How Do You Calculate the Power Series of (1-x)/(1-2x)^3?

[dan]

Hi, I am stuck on this problem!

Given the function, find the first four terms of the power series representation and find the domain of convergence?

function is;
(1-x)/(1-2x)^3

my calculation;
find derivatives of the function.

y'=(1-x)/(1-2x)^4
y''=(1-x)/(1-2x)^5

I am having difficulty in knowing if what I did was correct.

I'm not sure if this is how you are meant to approach it and if what I did was the correct way to go about solving the problem.

If anyone can help me in solving my problem your help will be appreciated.

Dj

 

[arcnets]

Hi dan,
I think you should use Taylor's formula.
It's true you need the derivatives.
But I think your results are wrong. I get, for instance,

y'=(5-4x)/(1-2x)^4

 

[mathman]

Use the binomial expansion to get a series for (1-2x)^-3, multiply the first few terms by (1-x). It will converge for |x|<1/2.

 

[Imperial]

Your derivatives are not exactly correct.

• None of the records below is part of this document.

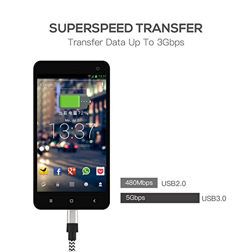 2-Pack 5ft USB 3.0 Type C Cable: Super fast charging and Super fast transmission (up to max 5Gbps),conforming to the USB Type C Specification version 1.1, 56kilohm, standard identification, which ensures a safe charging at 4.0A Maximum and the speed of data sync up to 5 Gbps.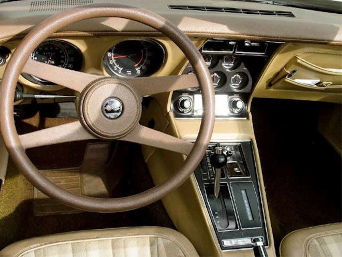 What really grabbed us, though, was the absolutely killer version of the classic (yet somewhat reviled) Chevy four-spoke steering wheel. It became well known on Vegas and Camaros in the early ’70s and there wasn’t much commotion until it showed up on the 1976 Corvette and then all hell broke loose.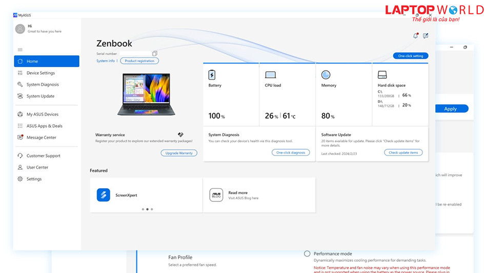 Sở hữu một chiếc laptop ASUS, bạn sẽ được hỗ trợ bởi ứng dụng MyASUS giúp tối ưu hóa phần cứng một cách dễ dàng.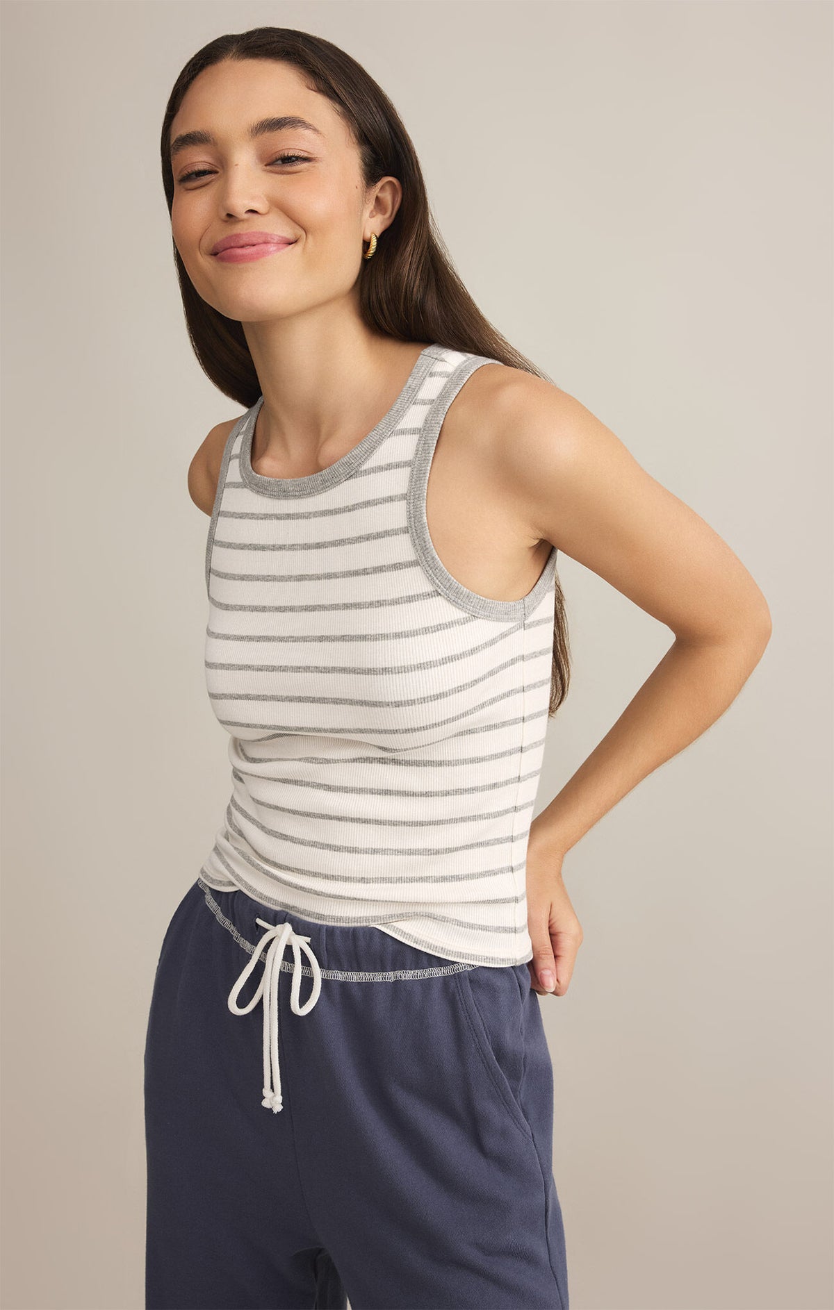 The Z SUPPLY Hadley Striped Tank is a must-have for any wardrobe. Soft and sleek, this tank can be layered or worn on its own. The classic stripes and contrast color add a stylish touch while the bra-friendly design and comfy ribbed fabric make it perfect for everyday wear. It's a go-to piece that you'll love wearing season after season.

You need to use the quotient rule and the chain rule in this case.
Remember the quotient rule y' = (vu' - uv')/v^2.
Now let u = (1-x) and v = (1-2x)^3.
u' = -1, v' = -6(1-2x)^2 (chain rule).

therefore y' = (-(1-2x)^3-(-6)(1-x)(1-2x)^2)/(1-2x)^6
= ((1-2x)^2(5-4x))/(1-2x)^6
= (5-4x)/(1-2x)^4